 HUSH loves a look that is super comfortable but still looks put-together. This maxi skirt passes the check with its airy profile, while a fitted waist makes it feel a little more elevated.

***

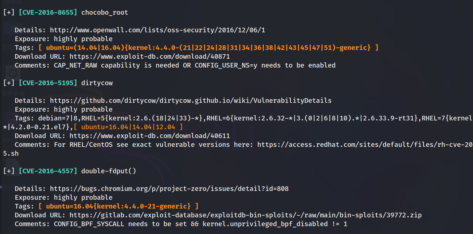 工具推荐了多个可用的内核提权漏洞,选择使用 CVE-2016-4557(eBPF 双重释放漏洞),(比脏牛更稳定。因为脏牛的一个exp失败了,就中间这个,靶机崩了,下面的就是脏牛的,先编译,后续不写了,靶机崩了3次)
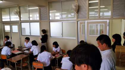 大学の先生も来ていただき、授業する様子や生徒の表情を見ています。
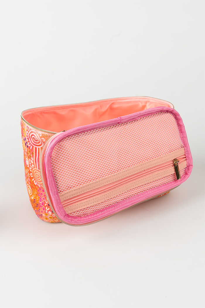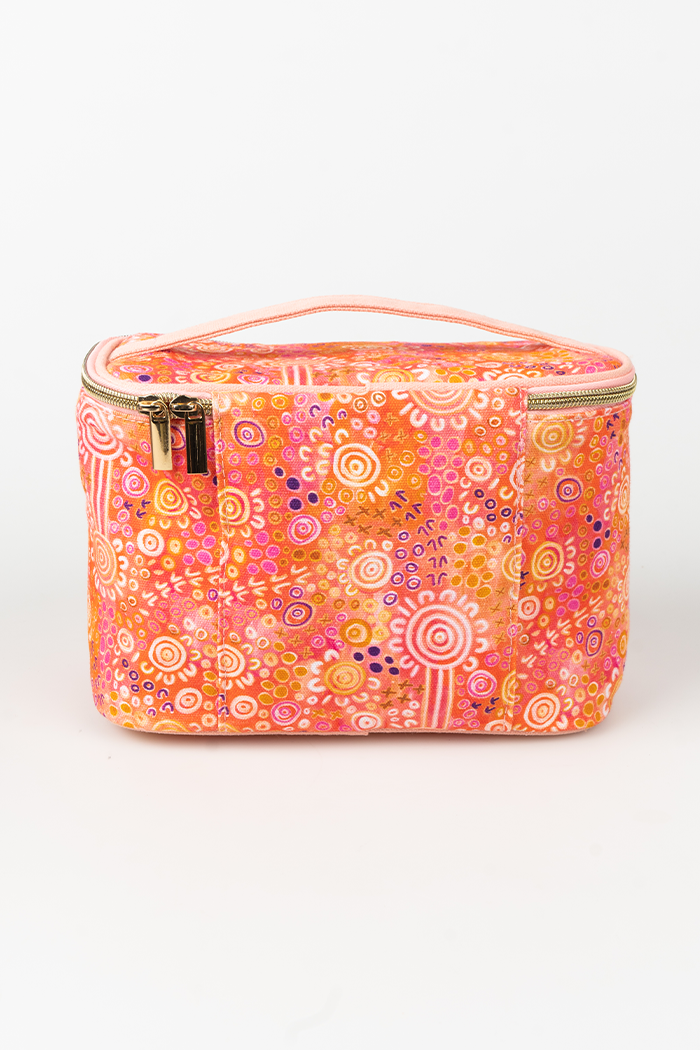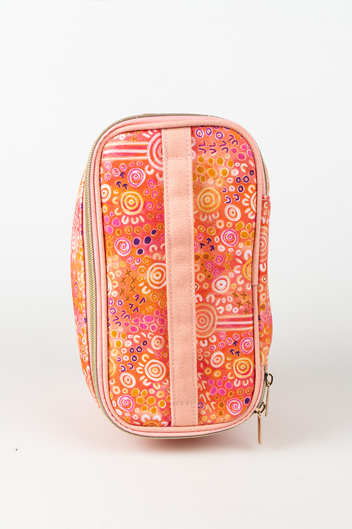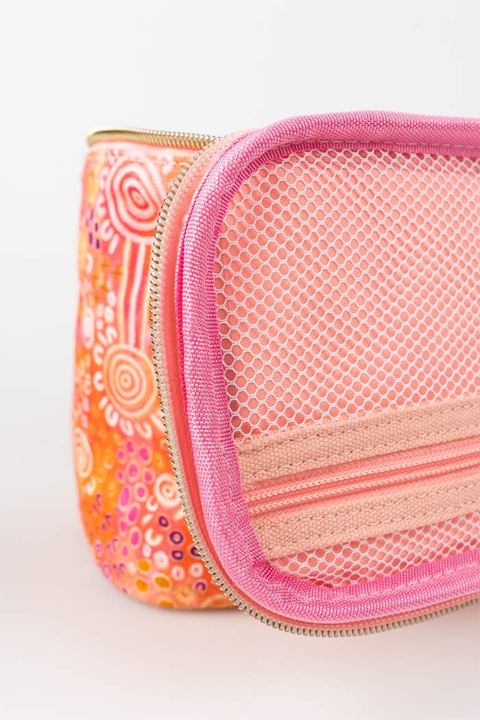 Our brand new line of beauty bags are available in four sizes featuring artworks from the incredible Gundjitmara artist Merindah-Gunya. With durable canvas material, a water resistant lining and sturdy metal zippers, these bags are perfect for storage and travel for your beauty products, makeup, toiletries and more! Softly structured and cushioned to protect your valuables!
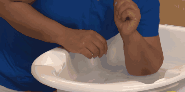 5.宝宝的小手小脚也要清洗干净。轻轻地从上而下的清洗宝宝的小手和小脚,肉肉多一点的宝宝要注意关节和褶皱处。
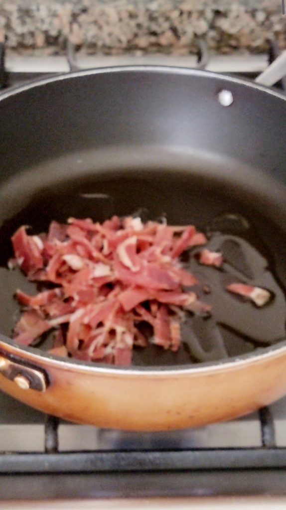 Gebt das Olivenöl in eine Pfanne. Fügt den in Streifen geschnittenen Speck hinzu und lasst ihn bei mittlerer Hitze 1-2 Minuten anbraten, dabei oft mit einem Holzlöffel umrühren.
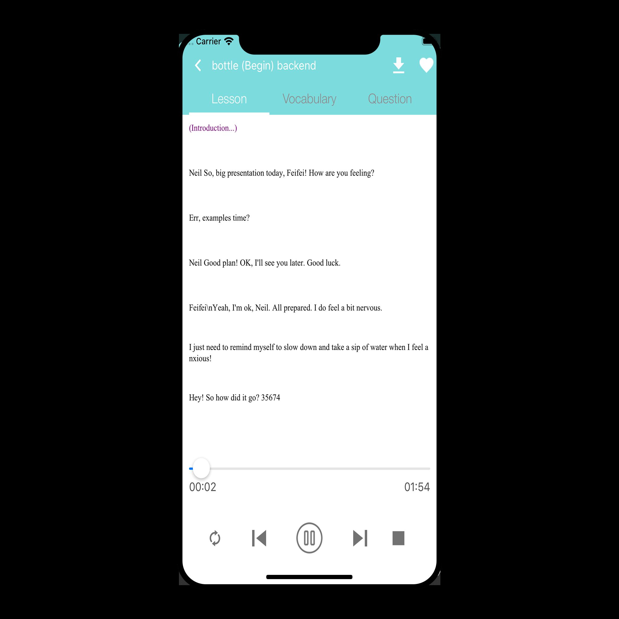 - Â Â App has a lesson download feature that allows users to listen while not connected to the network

***

◆ Work item: Each line above starting at the one holding "5.宝宝的小手小脚也要清洗干" and ending at the one holding "- Â Â App has" should be set down exactly as it stands, both ends included, with no pictures.

◆ Solution for this exercise:
 5.宝宝的小手小脚也要清洗干净。轻轻地从上而下的清洗宝宝的小手和小脚,肉肉多一点的宝宝要注意关节和褶皱处。
 Gebt das Olivenöl in eine Pfanne. Fügt den in Streifen geschnittenen Speck hinzu und lasst ihn bei mittlerer Hitze 1-2 Minuten anbraten, dabei oft mit einem Holzlöffel umrühren.
 - Â Â App has a lesson download feature that allows users to listen while not connected to the network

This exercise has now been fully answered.